Enabling Data Tainting in Navigator 3.0

As noted above, the data-tainting security model is experimental in Navigator 3.0, and is not enabled by default. It is expected to be the default security model in version 4.0 of Navigator, however. If you want to try using data tainting with Navigator 3.0, you must enable it by setting an environment variable before starting Navigator. On Unix systems, do this with the following command in csh:

setenv NS_ENABLE_TAINT 1

On Windows platforms, enable taint with a set command in the autoexec.bat file or in NT user settings:

set NS_ENABLE_TAINT=1

And on the Macintosh, use the resource editor to edit the resource with type "Envi" and number 128 in the Netscape application. Modify this resource by removing the two slashes (//) before the NS_ENABLE_TAINT at the end of the string.

Note that if you enable this security model, you may find that many more scripts than you expect produce taint violations, and you'll spend a lot of time responding to dialogs that ask you to confirm form submissions or new page requests. One of the main reasons that tainting was not enabled in Navigator 3.0 was that the user interface to support it well was not yet ready. Thus, for Navigator 4.0, we can hope to see a smoother UI that does not ask as many questions.

Values Tainted by Default

Table 20.1 lists the object properties and methods that are tainted by default. The taint() and untaint() functions that will be introduced below allow you to modify these defaults.

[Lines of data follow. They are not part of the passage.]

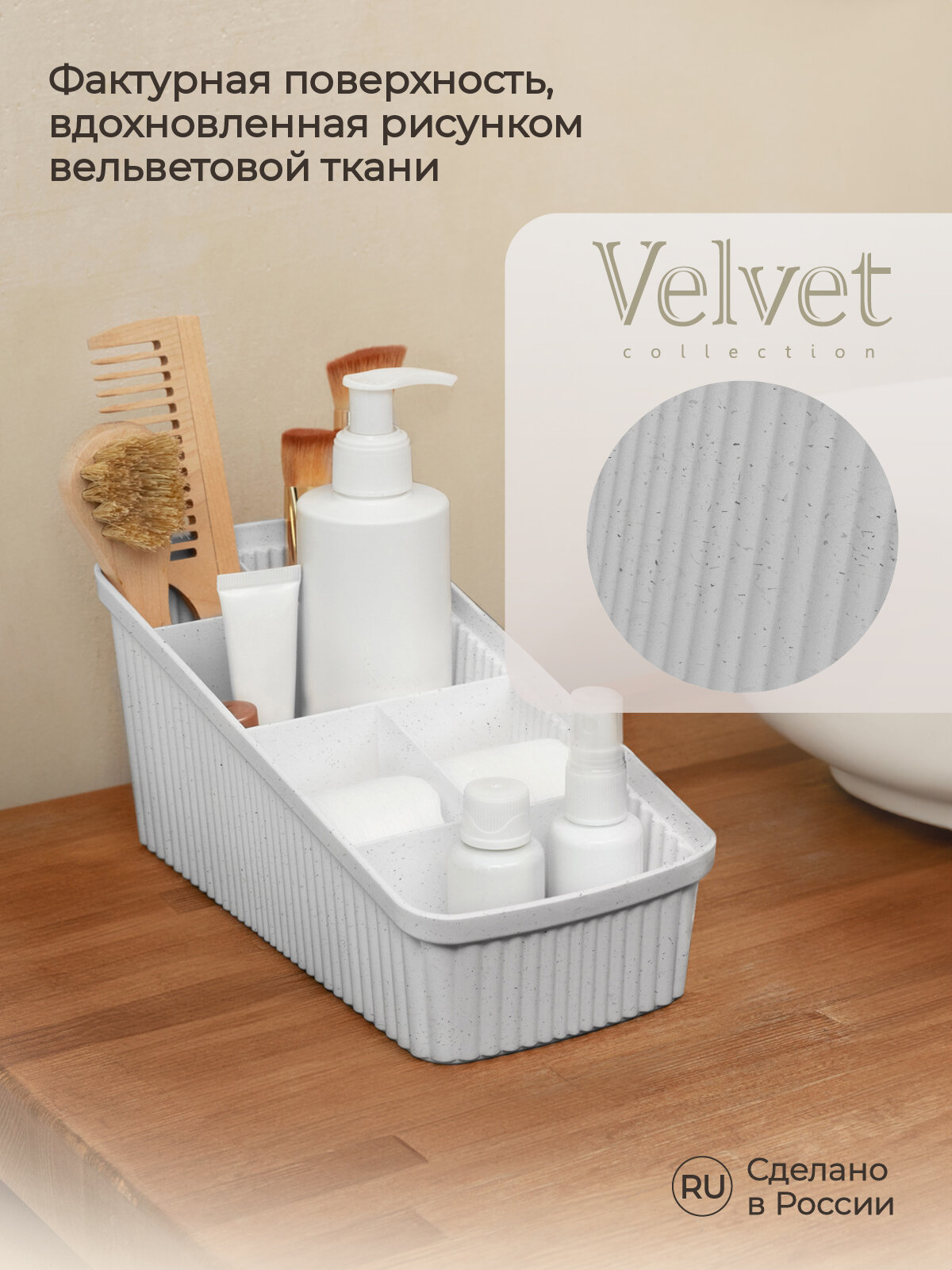 Купить Органайзер универсальный 240х117х106 мм VELVET Светло-серый флэк
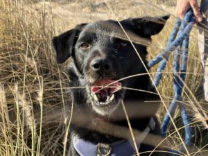 Beim Gassigehen läuft er gut an der Leine, ist aber so sehr mit der Umgebung beschäftigt, dass er sich noch nicht sonderlich an uns orientieren kann. Das ist aber total verständlich, da Febby erst einmal die für ihn so neue Situation verarbeiten muss.
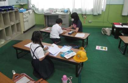昨日の1年生の様子です。今回はいつもより少なめでしたが、来ている人は慣れたもの。どんどん取り組んでいました。
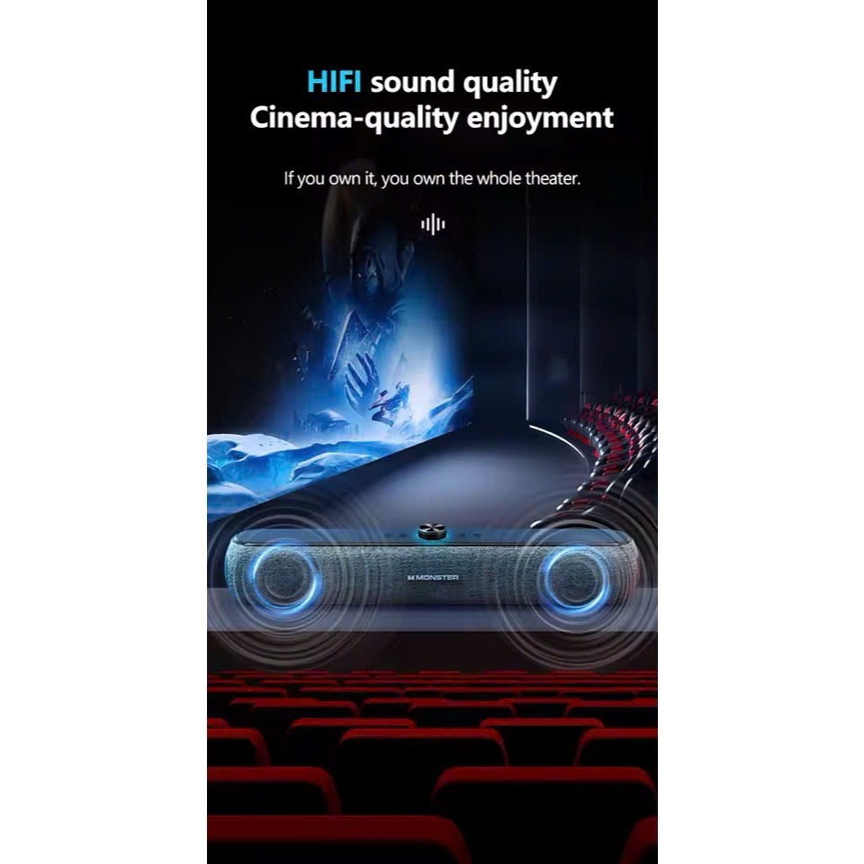 The Monster Airmars G11 Soundbar is designed to upgrade your home entertainment experience with powerful audio and deep bass performance. Built with high quality drivers and advanced sound tuning it delivers clear vocals enhanced bass and immersive sound for movies music and gaming. The soundbar features Bluetooth connectivity allowing you to wirelessly connect your smartphone TV laptop or tablet for seamless audio streaming.
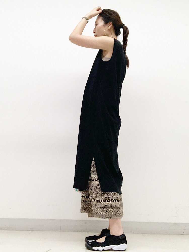 素材感・着心地:体のラインが出ない。シワになりにくい素材。
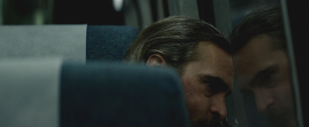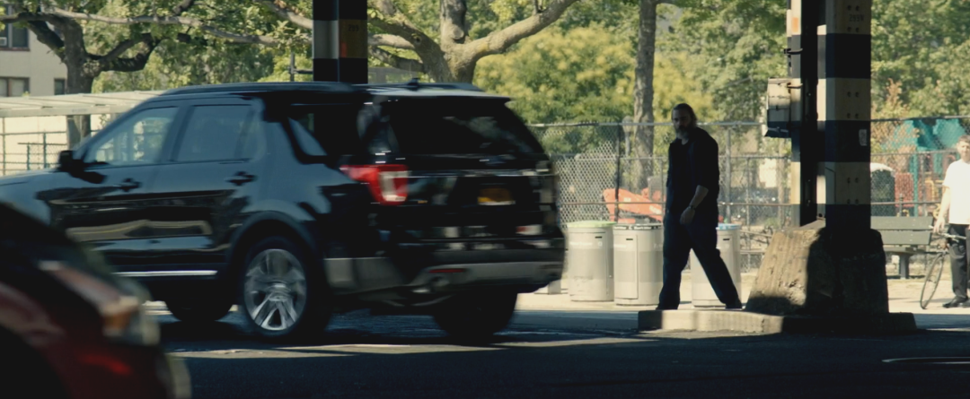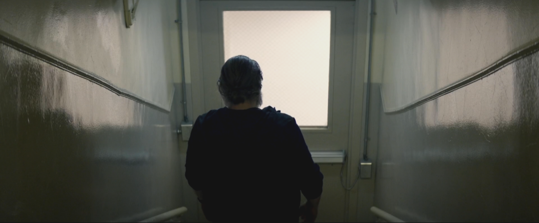 比較明顯的幾處有:接受完任務(wù)的喬正走下樓梯,這時(shí)樓梯間里的聲音如真空般沉悶。隨后,當(dāng)他完全走下樓梯,猛地踹開(kāi)門(mén),嘈雜的城市聲音瞬間涌入聲道,形成強(qiáng)烈的動(dòng)靜對(duì)比。值得注意的是,在喬上樓準(zhǔn)備接受任務(wù)時(shí),這個(gè)樓梯間里原本是能夠聽(tīng)到外界聲音的。在這里,創(chuàng)作者則有意地將外界聲音抽離,是因?yàn)樵谇耙粓?chǎng)戲中,喬正沉在自己的思緒里,因此這里沉悶的聲音能夠讓觀眾進(jìn)入喬的“真空”情緒之中。在城市聲音涌進(jìn)來(lái)的一剎那,觀眾同喬一起從他的思緒中回到現(xiàn)實(shí)。

Table 20.1: JavaScript Properties and Methods That Are Tainted by Default
Object	Tainted Properties and Methods
Document	`cookie`, `domain`, `forms[]`, `lastModified`, `links[]`, `location`, `referrer`, `title`, `URL`
Form	`action`
All Form input elements: Button, Checkbox, FileUpload, Hidden, Password, Radio, Reset, Select, Submit, Text, Textarea	`checked`, `defaultChecked`, `defaultValue`, `name`, `selectedIndex`, `toString()`, `value`
History	`current`, `next`, `previous`, `toString()`, all array elements[1]
Location, Link, Area	`hash`, `host`, `hostname`, `href`, `pathname`, `port`, `protocol`, `search`, `toString()`
Option	`defaultSelected`, `selected`, `text`, `value`
Window	`defaultStatus`, `status`
Footnotes: [1] Note that History properties belong to the browser, not the server, and thus have a different taint value.

The taint() and untaint() Functions

Table 20.1 shows the object properties and methods that are tainted by default in Navigator 3.0. This list is not the final word on tainting. If a script would like to prevent other data it owns from being exported, it may taint that data with the taint() method. Similarly, if a script would like to relax the data-tainting rules in order to allow information it owns to be exported more freely, it can remove its taint from a value with the untaint() method.

There are some important things to note about these functions. First, both taint() and untaint() return a tainted or untainted copy of primitive vales or a tainted or untainted reference to objects and arrays. In JavaScript, taint is carried by references to objects, not by the objects themselves. So when you untaint an object, what you are really doing is untainting a reference to that object, not the object itself. The object's value may be exported through the untainted reference but not through the tainted reference.

The second point to note is that a script can use untaint() only to remove its own taint from a value. If a value X carries taint that identifies it as owned by server A, then a script running in a document from server B may call untaint() on value X but will not succeed in removing server A's taint, and will not be able to export that value to server B.

Finally, if taint() and untaint() are called with no argument, then they add and remove taint from the script rather than from a particular object. Again, a script can only remove its own taint from itself: if a script from server A has tainted itself by examining tainted data owned by server B, then server A cannot remove that taint from itself.